### Records shown
····················

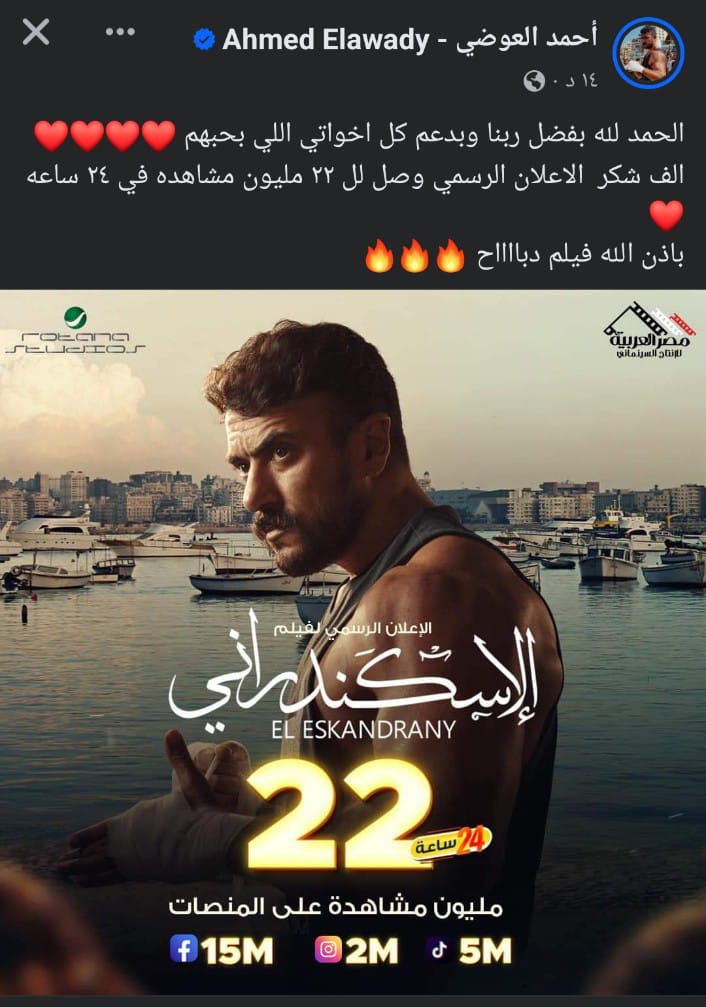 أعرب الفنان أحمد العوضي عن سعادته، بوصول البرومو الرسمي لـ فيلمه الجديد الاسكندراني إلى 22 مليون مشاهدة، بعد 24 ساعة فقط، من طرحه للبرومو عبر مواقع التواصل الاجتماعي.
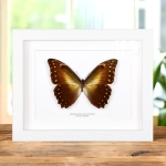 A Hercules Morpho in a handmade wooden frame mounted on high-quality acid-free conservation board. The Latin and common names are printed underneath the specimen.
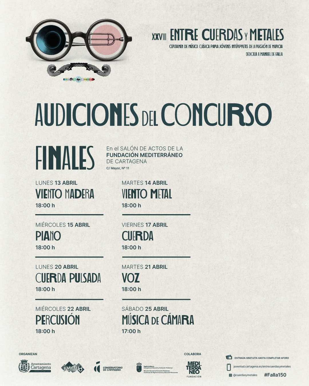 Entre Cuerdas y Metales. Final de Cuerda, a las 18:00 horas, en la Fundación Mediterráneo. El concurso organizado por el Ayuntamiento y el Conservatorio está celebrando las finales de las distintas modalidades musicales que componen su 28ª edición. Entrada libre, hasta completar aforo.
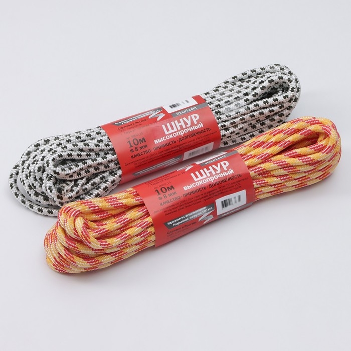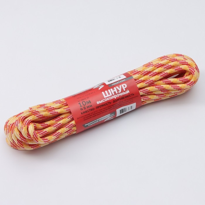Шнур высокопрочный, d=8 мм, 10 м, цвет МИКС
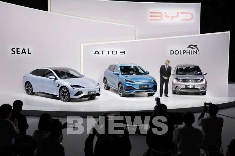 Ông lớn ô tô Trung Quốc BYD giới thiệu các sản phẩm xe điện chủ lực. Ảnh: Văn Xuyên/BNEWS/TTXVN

····················

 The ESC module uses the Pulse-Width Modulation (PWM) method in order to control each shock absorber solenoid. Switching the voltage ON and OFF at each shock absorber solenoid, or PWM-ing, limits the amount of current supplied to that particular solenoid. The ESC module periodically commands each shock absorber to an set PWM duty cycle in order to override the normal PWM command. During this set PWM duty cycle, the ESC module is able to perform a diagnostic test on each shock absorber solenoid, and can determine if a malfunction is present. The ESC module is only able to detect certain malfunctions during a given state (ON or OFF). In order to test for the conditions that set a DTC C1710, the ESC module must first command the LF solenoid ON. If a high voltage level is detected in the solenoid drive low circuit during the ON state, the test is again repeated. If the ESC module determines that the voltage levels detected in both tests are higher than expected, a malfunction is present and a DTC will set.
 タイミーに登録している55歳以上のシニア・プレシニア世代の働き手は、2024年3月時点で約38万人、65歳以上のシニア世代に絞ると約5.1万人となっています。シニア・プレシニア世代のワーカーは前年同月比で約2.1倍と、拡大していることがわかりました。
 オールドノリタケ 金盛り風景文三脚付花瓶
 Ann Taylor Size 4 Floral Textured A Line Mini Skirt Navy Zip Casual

····················

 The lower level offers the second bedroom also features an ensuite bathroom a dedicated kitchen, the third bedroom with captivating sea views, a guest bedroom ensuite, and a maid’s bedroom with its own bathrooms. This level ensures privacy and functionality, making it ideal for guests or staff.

····················

### Work to complete
Note each line of the entries that has "level" in it, and copy those lines.

### Expected output
 The ESC module uses the Pulse-Width Modulation (PWM) method in order to control each shock absorber solenoid. Switching the voltage ON and OFF at each shock absorber solenoid, or PWM-ing, limits the amount of current supplied to that particular solenoid. The ESC module periodically commands each shock absorber to an set PWM duty cycle in order to override the normal PWM command. During this set PWM duty cycle, the ESC module is able to perform a diagnostic test on each shock absorber solenoid, and can determine if a malfunction is present. The ESC module is only able to detect certain malfunctions during a given state (ON or OFF). In order to test for the conditions that set a DTC C1710, the ESC module must first command the LF solenoid ON. If a high voltage level is detected in the solenoid drive low circuit during the ON state, the test is again repeated. If the ESC module determines that the voltage levels detected in both tests are higher than expected, a malfunction is present and a DTC will set.
 The lower level offers the second bedroom also features an ensuite bathroom a dedicated kitchen, the third bedroom with captivating sea views, a guest bedroom ensuite, and a maid’s bedroom with its own bathrooms. This level ensures privacy and functionality, making it ideal for guests or staff.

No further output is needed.